If you’re looking at Black Friday deals for your next build and find a good Ryzen 3000 deal, you may notice that not every motherboard with AMD’s AM4 socket will work out of the box. So when you’re mixing and matching motherboards and processors, it’s important to ensure that the two will work together.
The issue is that while AMD is supporting its AM4 socket for the latest processors, some older motherboards need a BIOS update. Sometimes, to do that, you need another AM4-processor, creating an odd chicken and egg problem. And it’s not fun to rip open your parts only to find out that you can’t use them together right away.
Look for a Ryzen Ready badge
When buying a new motherboard, look for a badge that says “AMD Ryzen Desktop 3000 Ready” on it. These motherboards will work with the latest AMD Ryzen processors out of the box, no updates needed.
AMD has a matrix that shows which of its processors work with which motherboards, and which platforms definitely need an update. If you’re getting a Ryzen 3000-series processor, X570 motherboards should all just work.
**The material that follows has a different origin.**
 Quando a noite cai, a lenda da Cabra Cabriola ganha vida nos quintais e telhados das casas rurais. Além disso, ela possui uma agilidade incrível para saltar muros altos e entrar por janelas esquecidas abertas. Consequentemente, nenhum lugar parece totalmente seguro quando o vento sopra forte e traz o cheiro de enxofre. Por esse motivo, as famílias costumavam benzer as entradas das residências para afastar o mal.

Older X470 and B450 as well as X370 and B350 motherboards will probably need BIOS updates, and A320 motherboards won’t work at all.
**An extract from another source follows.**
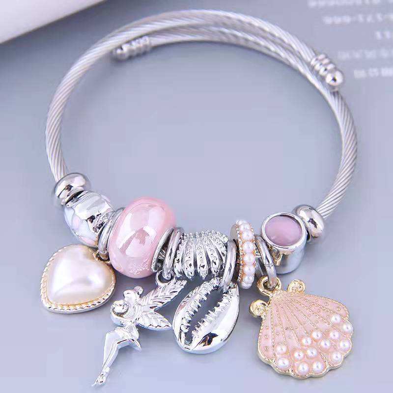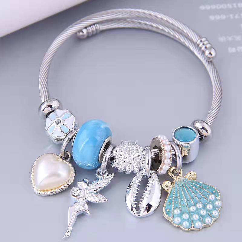 ชื่อสินค้า:สร้อยข้อมือลวดพันเปลือกหอยประดับลูกปัด สร้อยข้อมือลวด และจี้
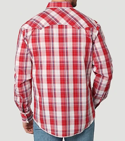 Red Plaid Long Sleeve Snap Front Shirt.

Check vendor descriptions and user comments
The stores selling the motherboard should list compatibility. (If they don’t, the matrix above is a good start). Local stores may open boxes and perform the upgrades, but it’s possible that online stores aren’t doing that. Many online stores will list a motherboard as “Ryzen 3000 compatible” but that doesn’t necessarily mean that it has been updated to the necessary BIOS version to enable that compatibility. So unless the description is crystal clear, user reviews may help.
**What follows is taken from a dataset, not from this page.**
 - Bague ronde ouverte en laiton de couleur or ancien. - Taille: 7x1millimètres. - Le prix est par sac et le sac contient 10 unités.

If you check the user reviews, you may see users talking about whether the motherboard they bought needed a BIOS update to use Ryzen 3000 series CPUs. Of course, it’s possible that if a user said they needed a BIOS update in a comment from several weeks ago, that you won’t need one on a unit you buy today, but it’s safer to assume that the situation hasn’t changed.
Use BIOS Flashback
Some motherboards have the ability to update from a USB stick, which is called BIOS Flashback. You’ll have to check the instruction manual for your motherboard to see if this works. Others have an update button on the back, though you won’t find this on cheaper motherboards. But in either case, some motherboards don’t even need a CPU to update.
Consider AMD’s Short Term Loan Program
If you buy a motherboard and it hasn’t been updated, doesn’t support BIOS flashback or have a button to update without a chip, you’re not out of luck. AMD has a “short term processor loan boot kit.” That consists of a Athlon 200GE processor and a cooler for 10 days so that you can make the update and install your own CPU. You can find out more details, including how to sign up for the program, here.
This is the most complicated option, as it requires filling out a warranty claim, serial numbers and receipts. You’ll also lose some time on your build waiting for it to come in the mail. But it’s free, so it’s a good last-ditch option.